A very commonly used VoIP telephony system has been compromised via trojans snuck in through an open source component, and the supply chain attack puts over half a million global businesses at risk. This includes some of the world’s biggest companies and organizations: American Express, Toyota, McDonalds and the UK’S NHS among them.
The trojans were apparently added to software updates in early March of this year and impact all versions of the software released since then, for both Windows and MacOS. These updates come directly from the company and appear legitimate, but contain malware that establishes a backdoor into the system that allows for surreptitious data theft and the creation of a remote command shell that could theoretically give the attacker total control.
Supply chain attack targets open source elements
As happened with the infamous SUNBURST supply chain attack, the hackers have managed to penetrate software updates at their source and are passing malware that is signed with a valid 3CX certificate. The MacOS version is additionally notarized by Apple, which will allow it to bypass automated defenses included in the more recent versions of the operating system.
The malware is in all updates from build 18.12.407 for Windows and and 18.11.1213 for MacOS, or those that were released on March 3. It is not yet known exactly which open source component was compromised.
3CX goes beyond simply linking up phone handsets via internet connections, also offering a variety of other software products usually bundled with service plans: video conferencing software, live chat, and mobile apps for Android and iOS among other options. This provides the hackers with ample opportunity to range across networks once the supply chain attack gains its foothold.
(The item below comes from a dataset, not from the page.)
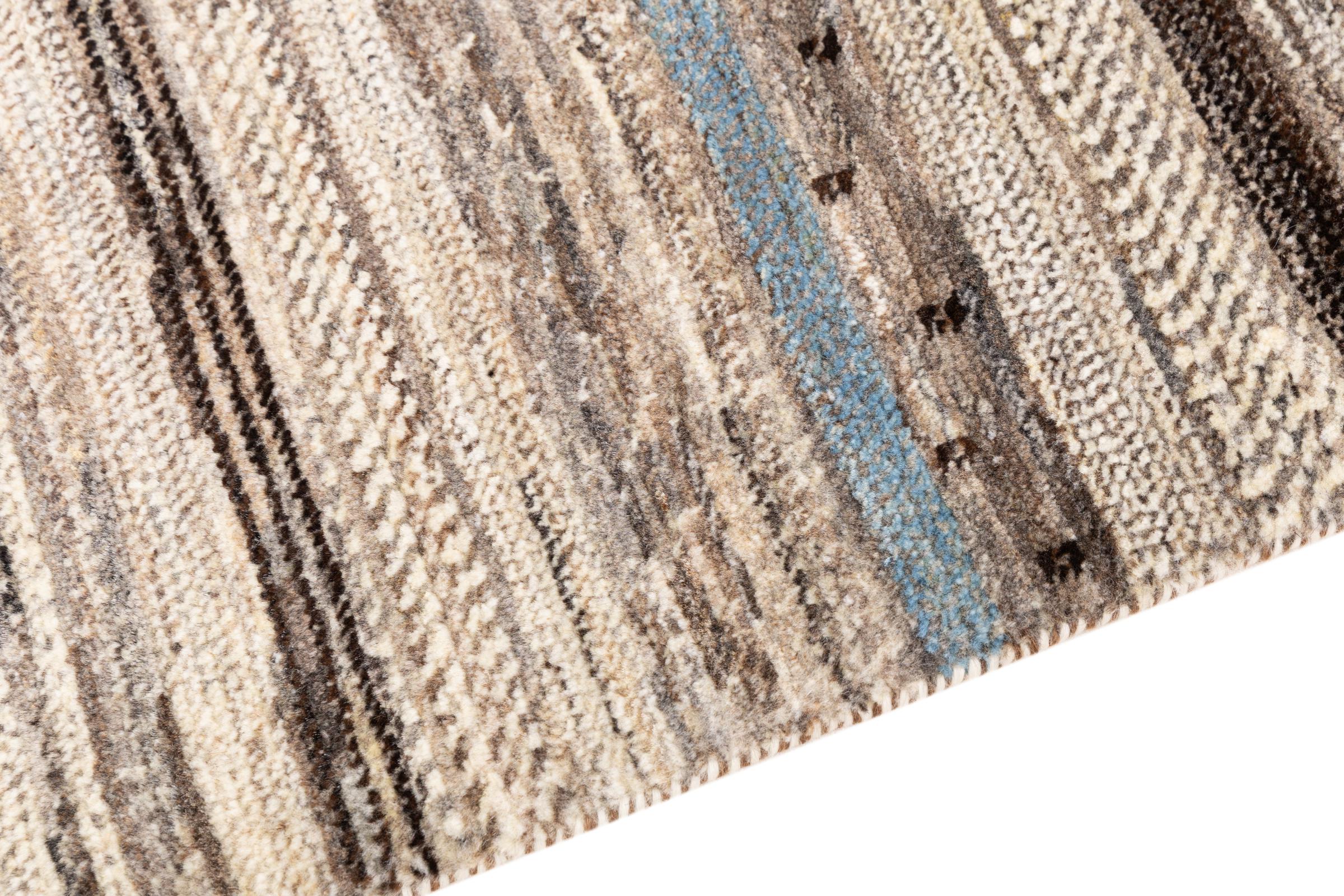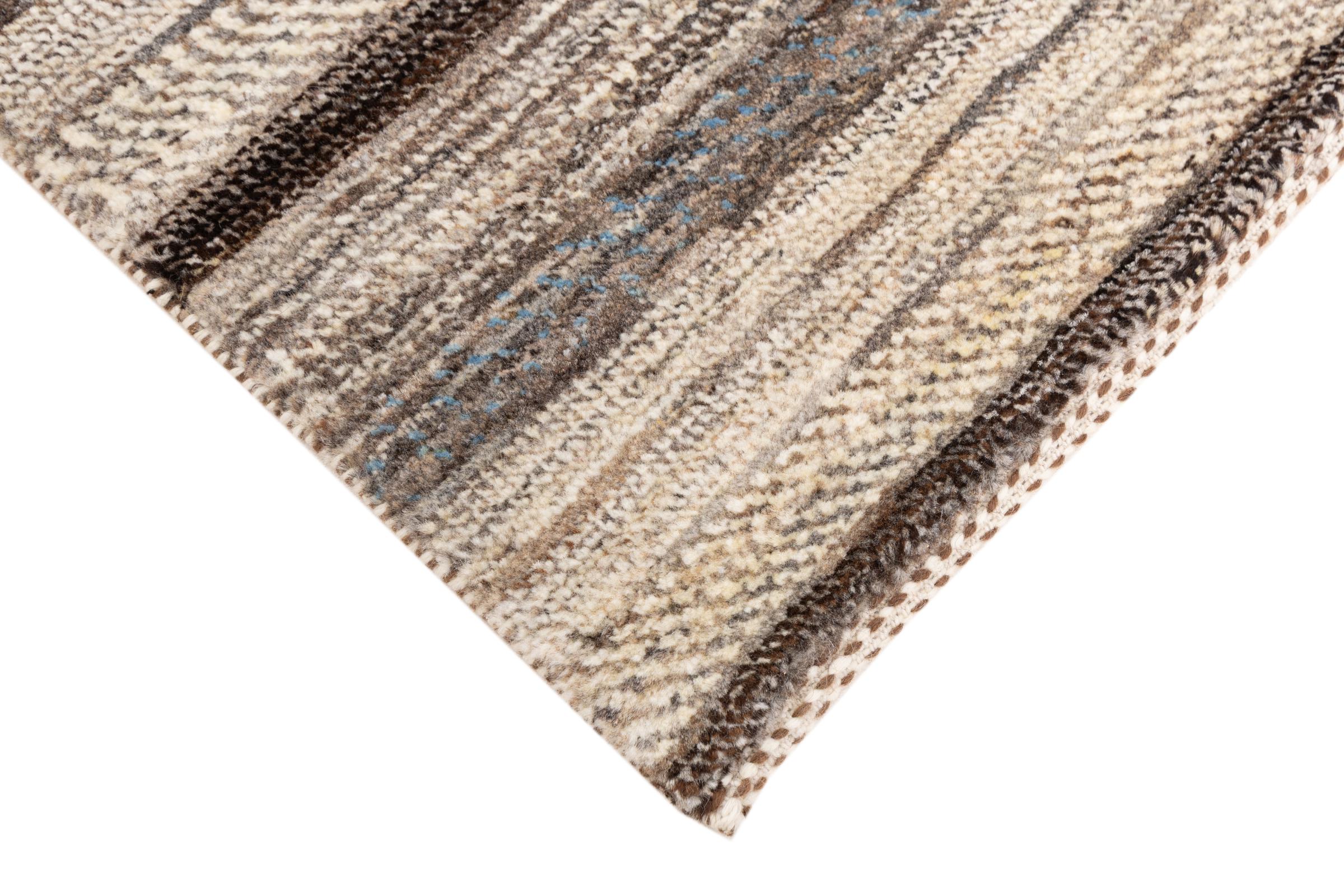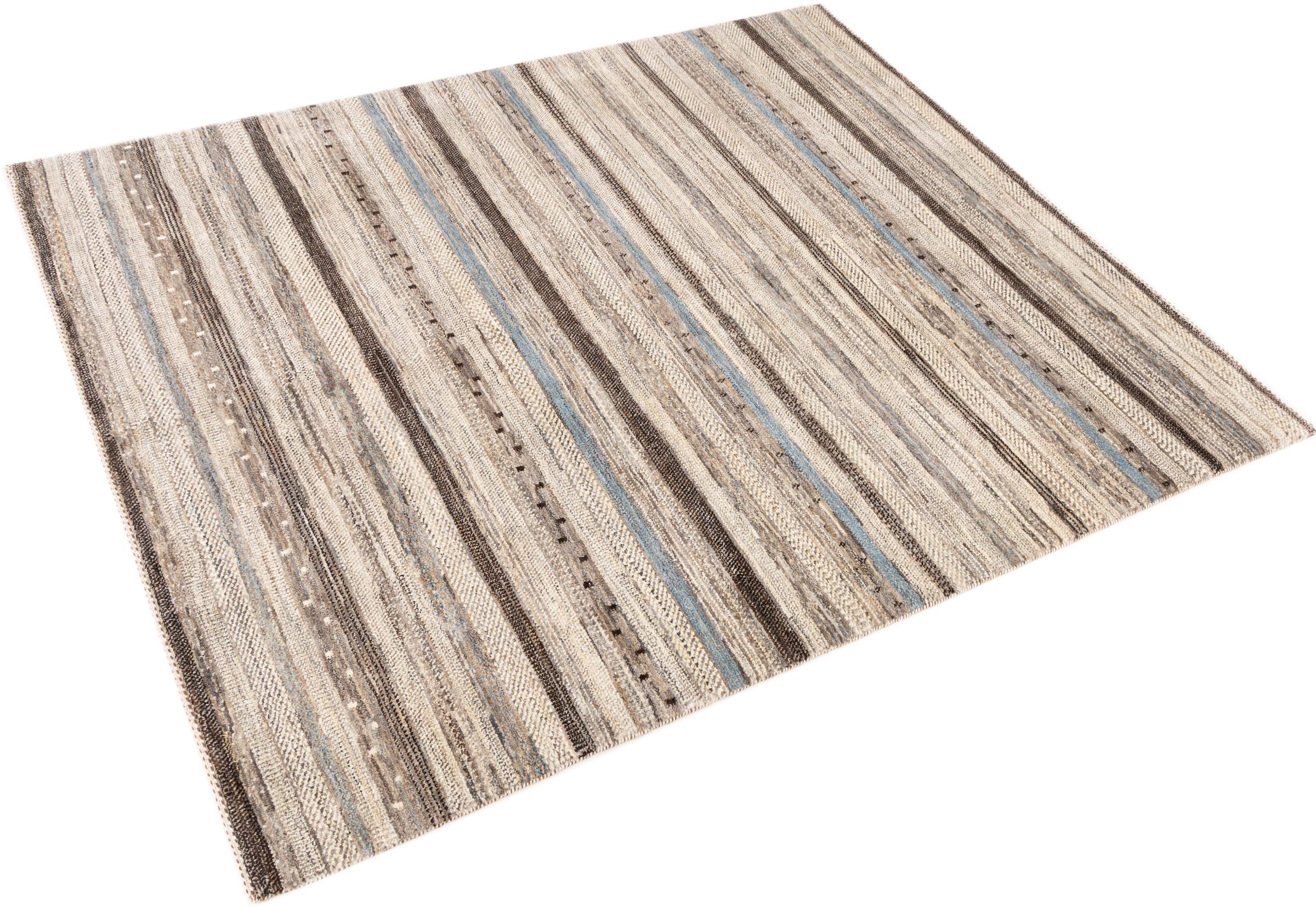 Ten piękny dywan jest perskim Gabbeh i dlatego należy do najwyższej jakości dywanów Gabbeh. Dywany są wiązane przez nomadów lub pół-nomadzi w Iranie zgodnie z tradycyjnym rzemiosłem. Proste motywy i wzory są w większości inspirowane bezpośrednim otoczeniem nomadów. Na przykład wielbłądy, drzewa lub krzewy można znaleźć na tradycyjnych dywanach. Perskie dywany Gabbeh wykonane są z wełny pochodzącej z lokalnie hodowanych stad owiec. Wełna jest więc w większości przypadków nadal obracana ręcznie. Tak więc każdy z tych orientalnych dywanów uosabia unikalny charakter wielowiekowej kultury.

The issue has been exacerbated by the fact that 3CX initially dismissed reports of suspicious activity as false positives. The first indications of the supply chain attack were messages posted in various places around the internet about suspicious network activity that seemed to originate from the telephony software. CEO Nick Galea first responded with a statement that the company had been alerted by security firm SentinelOne but had cleared their software with VirusTotal and did not believe there was a compromise. It was a week after this statement that 3CX finally acknowledged that there was in fact a breach, after the company was briefed by Crowdstrike on the details.
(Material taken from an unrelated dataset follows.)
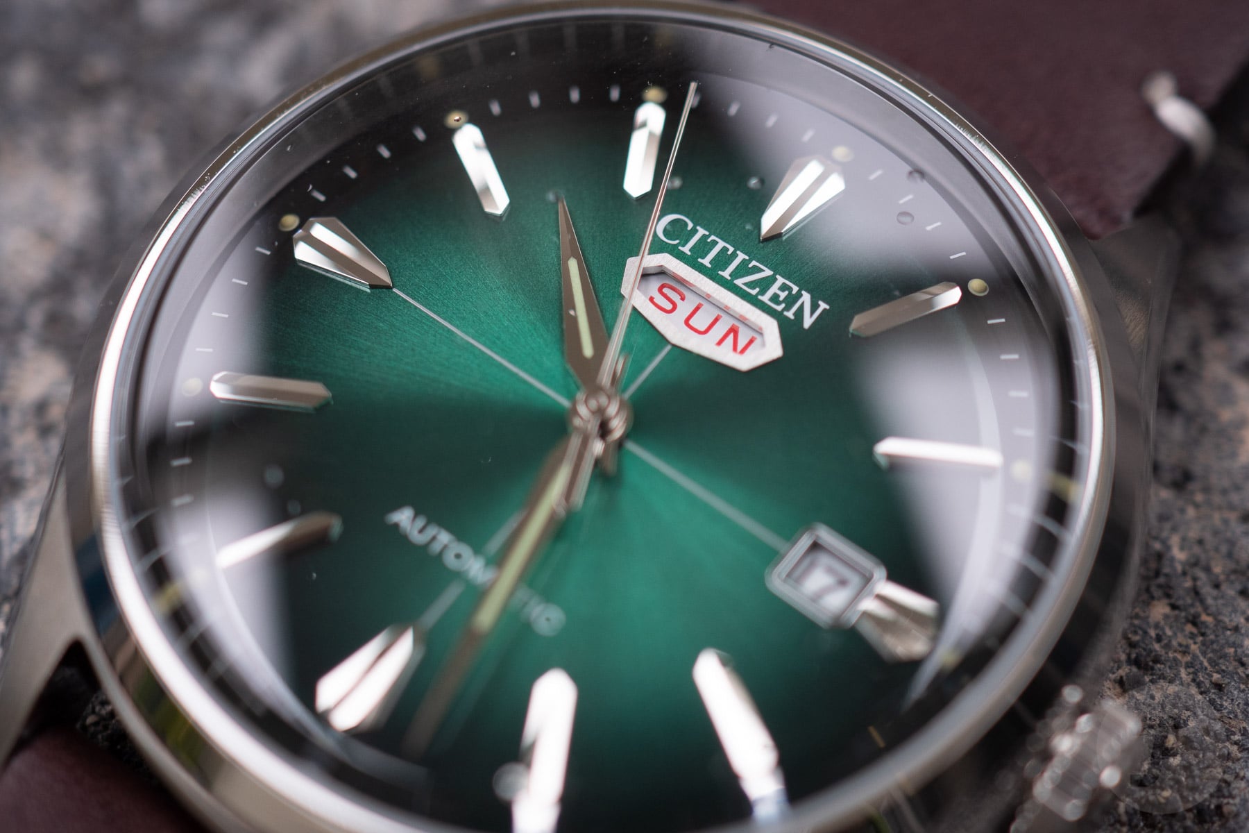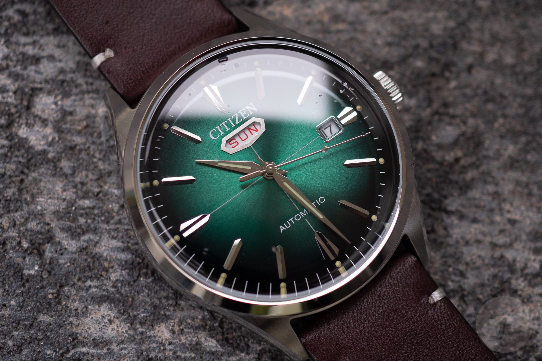 When it comes to the day display, the aperture is located under 12 o’clock. This position was considered unique back then because the standard practice was to put the day next to the date at 3 o’clock. Here, the day window sits below Citizen’s logo with a heptagonal frame to echo the seven weekdays. Interestingly, the applied indexes also take on a heptagonal shape. Like the Crystal Seven watches of the past, the day display of the C7 shows Sunday in red. All other days of the week are printed in black.

All of this seems to have given the hackers nearly a full month to exploit the supply chain attack before the public was made aware. While 3CX shares some blame for the response, further investigation by Kaspersky reveals that Microsoft is also involved. The bug that the attackers exploited is a known flaw that has been present in Windows for 10 years now. It was patched long ago, but has always been an “opt-in” patch due to the fact that it could cause conflicts with some legitimate signature verification. A problem that organizations might commonly encounter is that if the opt-in was done under Windows 10, it would not be preserved after updating to Windows 11 and would have to be manually addressed again.
3CX customers still dealing with fallout
The path to remediation for customers has not been easy thus far. 3CX’s first advisory was for customers to switch from the desktop app to its progressive web app (PWA), which lacks some key features. 3CX says that it is working to add those features to the PWA. All customers have had three months added to their subscriptions free of charge, but it is unclear how many will want to continue with the service after this experience. End users also noted that the initial breach notification was only provided to the company’s resellers, with it going out to everyone some time later.
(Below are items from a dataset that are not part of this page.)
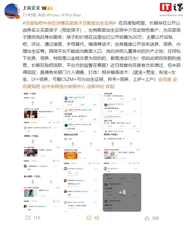本站 7 月 3 日消息,关于媒体报道贴吧有“送养孩子”相关违规内容,百度贴吧表示非常重视并持续进行内容清理和封禁,同时联动有关部门坚决打击。据本站此前报道,打拐志愿者 @上官正义 曾在微博发文称,在百度贴吧里长期存在公开以送养名义买卖孩子(预定孩子),也有贩卖出生证明中介在此物色客户,为买卖孩子提供洗白身份服务。百度贴吧官方当时曾进行过回应,表示将移交证据至公安机关进行查证打击。
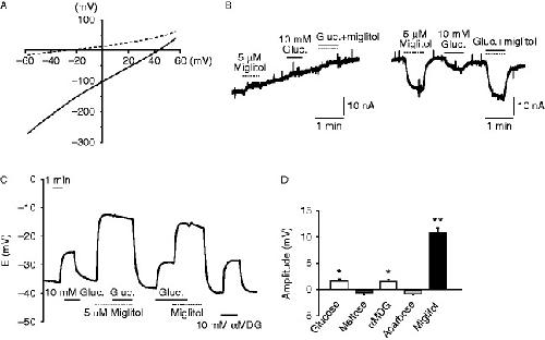 Figure 4. Electrophysiological recording of Xenopus laevis oocytes expressing hSGLT3. (A, B, C, and D) (A) I–V relationship of the oocytes expressing hSGLT3 in the presence (solid line) or absence (dashed line) of miglitol. (B) A representative recording of whole-cell current under voltage clamp mode in an oocyte expressing hSGLT3 in the absence (left) or presence (right) of Na+ in the buffer. ‘Gluc.’ denotes glucose. (C) A representative recording of the membrane potentials under current clamp mode in an oocyte expressing hSGLT3 in response to glucose and/or miglitol. The SGLT3 agonist α-methyl-d-glucopyranoside (αMDG) was used as a positive control for SGLT3-dependent depolarization. ‘Gluc.’ denotes glucose. (E) The current changes by several stimuli (n=4 for each). Data are expressed as mean±s.e.m. *P<0.05 and **P<0.01 (compared with the base line).
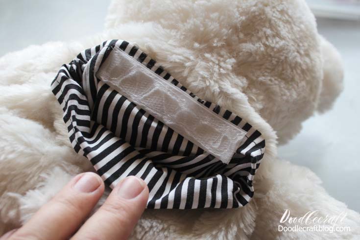 Begin by cutting a 5" slit across the back of the teddy bear. Stitch up the center back seam again, since the main seam was just cut.

There is further bad news attached to the attack. Both CrowdStrike and Kaspersky believe that attackers affiliated with Lazarus Group, the North Korean state-backed hacking team infamous for stealing cryptocurrency, are the culprits. This is based on the use of a backdoor called “Gopuram” that the APT group was previously observed using in attacks on crypto companies, among other traces of evidence. CrowdStrike has attributed the attack to “Labyrinth Collima,” a subset of Lazarus.
The total victim count is still being determined as investigations into the supply chain attack continue. The company has about 240,000 clients that have internet-connected phone systems, and says that it has seen 2,700 compromised binaries in the wild thus far. Security researchers with BlackBerry say that compromised systems are heavily concentrated in Europe, especially Italy and Germany. BlackBerry also believes that the breach window may be much longer than just the month of March; the researchers say they see signs of initial action from as early as October 2022. An online tool is available at “checkmyoperator.com” that can help organizations determine if they have been breached by this particular attack.